Я отозвал в сторону Иосифа и показал ему приобретенные благовония.

— Почему до сих пор не обмыли тело? — спросил я. — Становится поздно. Смотри, солдаты уже проявляют нетерпение. — Стражники, которые тем временем сняли тела распятых бандитов, делали нам знаки, чтобы мы поторапливались.

— Вижу, — кивнул головой Иосиф. — Они не хотят ждать, хоть я и заплатил им.

— Так что будем делать?

— Я могу предложить только одно. Нам все равно сейчас всего не успеть… Тебе известно, что у меня на склоне той горы имеется гробница. Давай сейчас обольем тело благовониями и положим его пока туда, а завтра утром, после шабата, мы его обмоем и умастим, как полагается, всем тем, что ты принес.

— Но ведь это запрещено, Иосиф, — вскричал я.

Он нетерпеливо махнул рукой.

— Ох, уж эти ваши фарисейские предписания! Посмотри, как Она на Него смотрит! — указал он на Мириам, по–прежнему державшую на коленях голову Учителя. — У меня не хватило духу из–за какого–то идиотского предписания отобрать у Нее тело! Может, я и согрешил, но…

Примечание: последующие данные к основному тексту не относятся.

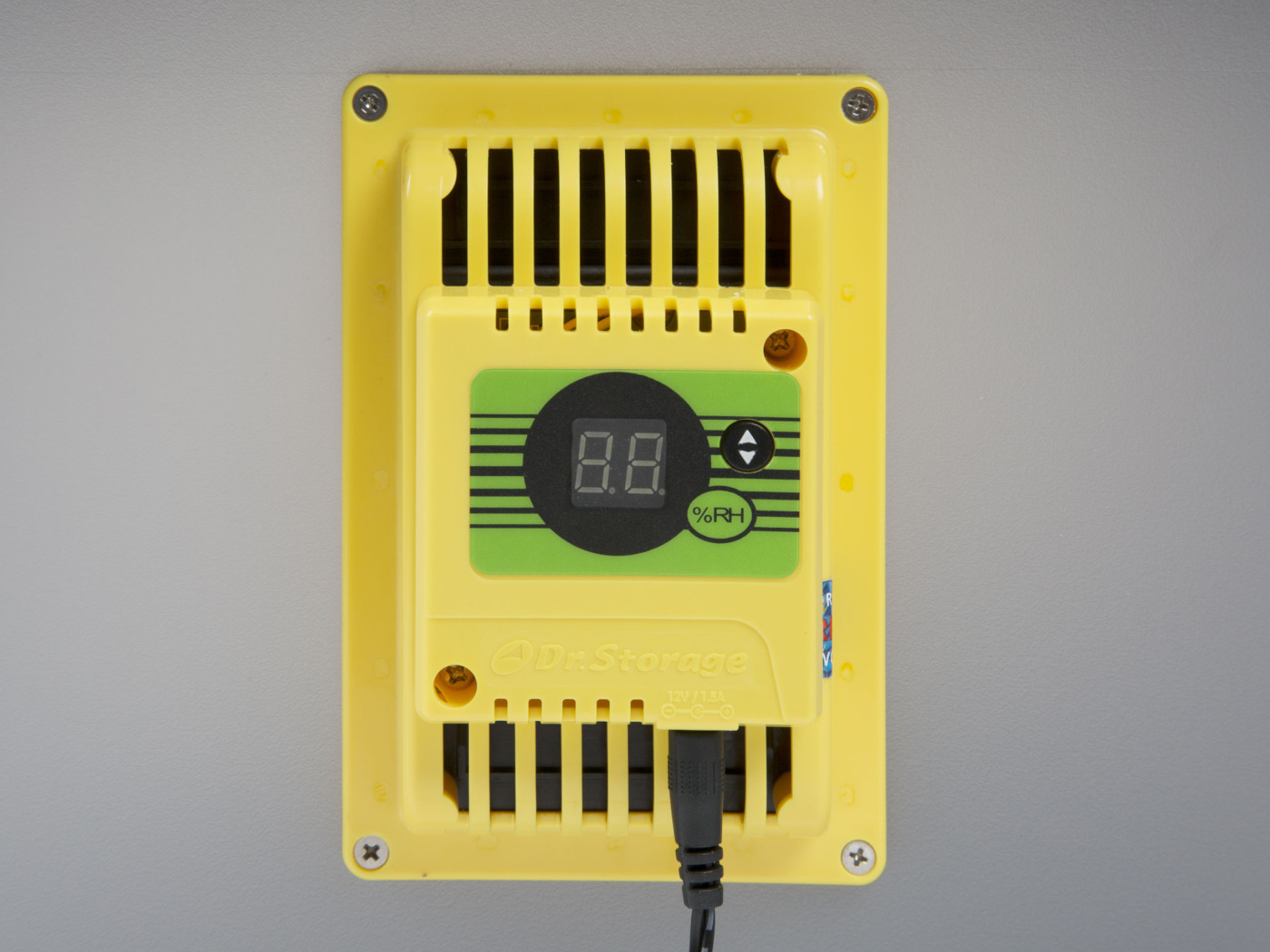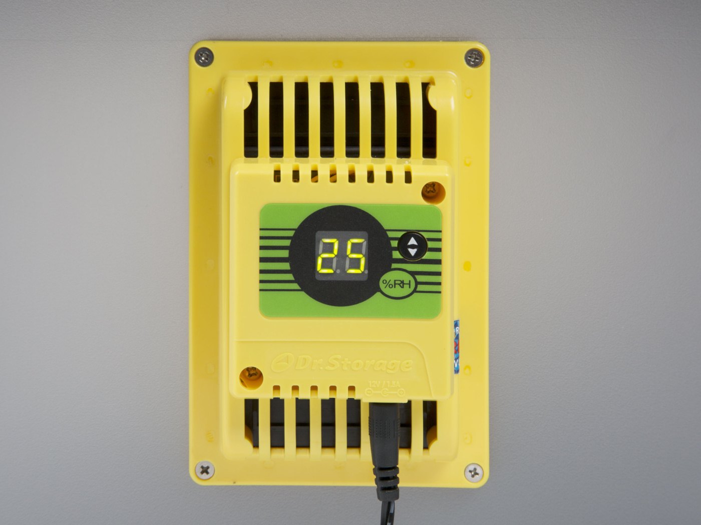 Die stapelbare Aufbewahrungsbox garantiert, dass der Inhalt vollständig trocken bleibt. Ohne Silikagel oder Trockenbälle können Sie einfach das Kabel einstecken und den Ventilator die Arbeit machen lassen. Die Box hat einen integrierten elektrischen Luftentfeuchter in einer Seite und sorgt für trockene Bedingungen unabhängig von der Umgebungsfeuchtigkeit. Die Box läuft nur mit 12V (hat aber einen EU-Stecker).

К нам подошел начальник стражи.

— Быстрее забирайте останки, — заявил он. — Уже начинает смеркаться. Евреи могут напасть на нас за то, что мы нарушаем их праздник.

— Вот видишь, Никодим…

Делать было нечего. Мы подозвали Иоанна и сообщили ему о плане Иосифа. Он не стал протестовать и возмущаться, что мы собираемся положить в гроб необмытое тело. Я видел, как он приблизился к Мириам и деликатно тронул Ее за плечо, указав на заходящее солнце. Без возражений Она сняла голову Сына со своих колен и положила ее на полотно. Иоанн сложил раскинутые руки крестом на груди Умершего. Они так и остались лежать — негнущиеся, застывшие; невозможно было себе представить, что когда–то они были мягкими и гибкими. Пока тело перемещали из вспоротого бока снова полилась кровь и вода. Солнце светило так низко, что, казалось, будто оно путается под ногами. Удлиненные тени не умещались на вершине и сбегали на склон. Наконец, лицо Учителя накрыли платом. Отныне недоступное для наших глаз, оно оставалось доступным для нашей памяти. В меня, во всяком случае, этот образ врезался, будто выжженный каленым железом. Я думал, что мне станет легче, как только я перестану видеть это страшное окровавленное лицо. Но вышло иначе: едва оно скрылось с моих глаз, я почувствовал, что мне его не хватает, что если я еще раз не увижу его — то умру; умру от голода, от жажды, от отвращения ко всему, что не это лицо. Ты знаешь, Юстус, как может выглядеть лицо замученного человека; ты знаешь, какие чувства обычно поднимаются при взгляде на следы подобных истязаний. Но когда лицо Учителя исчезло, поверь, я вдруг испытал потребность несмотря ни на что, как можно скорее к нему вернуться. Не чтобы оно ко мне вернулось, а я к нему! Это был словно призыв из царства мертвых. Столько раз, разговаривая с Ним, мне казалось, что я читаю призыв в Его глазах. Я всегда чувствовал себя виноватым, что не следую этому призыву. Это лицо призывает меня! При жизни оно было светлым, прекрасным и добрым; после смерти оно пронизано болью и обещает боль. Я всегда говорил тебе, что я не столько боюсь того, что есть, сколько того, что будет… Но боль Его призывает меня. Тебе это понятно, Юстус? Тебе понятно, как боль может призывать?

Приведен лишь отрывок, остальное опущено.